Он ответил не сразу.
– Люди бывают слепы к тому, что не привлекает их яркостью. Или наоборот, чернотой. Никто не знает, кто и когда возвел Башню. Тот, Кого чтут в ней, давно забыт. О Нем знают только несколько Его служителей, которые передают это знание испокон веков своим преемникам. Если мне не удастся то, что я задумал, я стану одним из них.
– Ты задумал возродить традицию Башни? – Ди приподнялась на локте и смотрела на него круглыми глазами.
– Не Башни. Я хочу, чтобы мой народ вспомнил своего Бога… А что до Башни… Ее никто не разрушал. Она всегда была такой. Ее просто не достроили.

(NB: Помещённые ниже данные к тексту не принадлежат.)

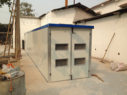 該干燥設(shè)備采用的是連續(xù)性烘干作業(yè),主要有干燥室、烘干車、料盤、供風(fēng)系統(tǒng)、熱風(fēng)爐、自動電控系統(tǒng)等構(gòu)成。干燥室采用金屬保溫板或磚混結(jié)構(gòu),烘干盤采用金屬或其他材料制作。

– Просто? – Ди опять подумала о Вавилонском столпотворении.
– Тебе здесь уже, наверное, поведали о незавершенности человеческой? О недотворенности мира, который должны досоздать люди? Это все и есть Башня. Душа человеческая и душа мира.

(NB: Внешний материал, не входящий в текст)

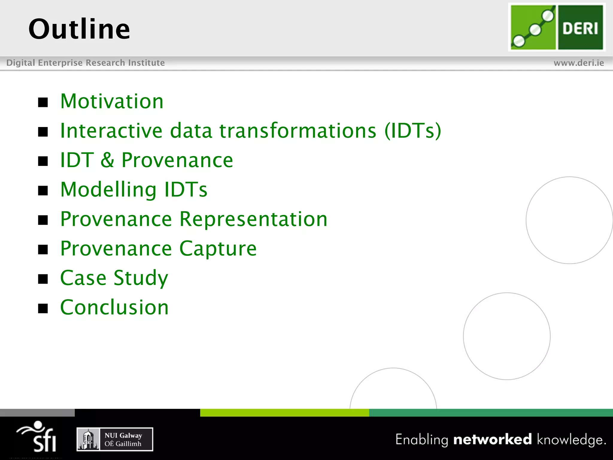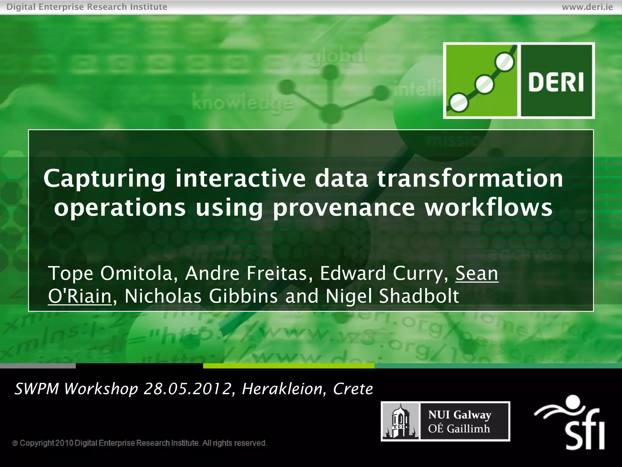 This document discusses capturing interactive data transformations using provenance workflows. It presents a model for interactive data transformations (IDTs) involving user interactions. Challenges include representing IDTs and facilitating reuse. The approach models IDTs and represents provenance using the Open Provenance Model. It describes capturing provenance for IDTs during interactive sessions to provide transparency into the transformation process. A case study demonstrates implementing provenance for an IDT tool based on the Google Refine platform.

Ди смотрела вдаль – на теряющиеся там окраины города, на горизонт в легкой синеватой дымке и спускающийся к нему пламенный апельсин солнца.
– Красиво, – сказала она.
– Да, – согласился он. – Душа красива даже в своей незавершенности.
Он тоже поднялся и сел – боком к ней. Ди увидела на его левом предплечье круглую отметину. На мгновение застыла, борясь с разочарованием. Не хотелось разрушать романтическую идиллию, упускать и без того недолговечный миг.

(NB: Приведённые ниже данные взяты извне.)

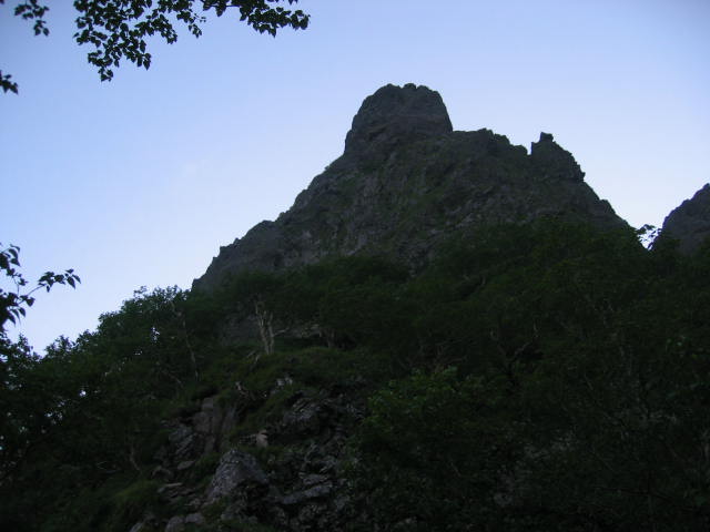 早朝4時に赤岳鉱泉のテント場を出発して大同心稜を登る、 明るくなってきて目指す小同心が見えた。 、 |

Иллюзия победила. Ди снова улеглась на спину и закрыла глаза, нежась в теплых лучах. Он провел рукой по ее животу, потом забрался повыше, едва касаясь кожи. И вдруг сказал:
– Ты не блудница.
Ди не приняла это всерьез и, блаженно жмурясь, пробормотала:
– Я еще не всему научилась. Я только недавно в Храме.
– Ты не из Храма и ты не блудница, – возразил он. – Ты – чужая.
Ди открыла глаза и порывисто села. Его рука соскользнула вниз и легла ей на бедро.
– Откуда ты знаешь?
– Мне сказал об этом Другой.
– Ты спрашивал Его обо мне? – удивилась Ди, чувствуя, как разгорается безумная надежда. – Так значит, вчера, там, на улице, ты сказал неправду?
Он отвернулся, убрал руку.
– Не знаю. Наверное, правду. Я не спрашивал Его о тебе. Но иногда Он говорит не то, о чем спрашиваешь, а то, что сочтет нужным. Ты заняла чужое место. Ты не та, за кого себя выдаешь.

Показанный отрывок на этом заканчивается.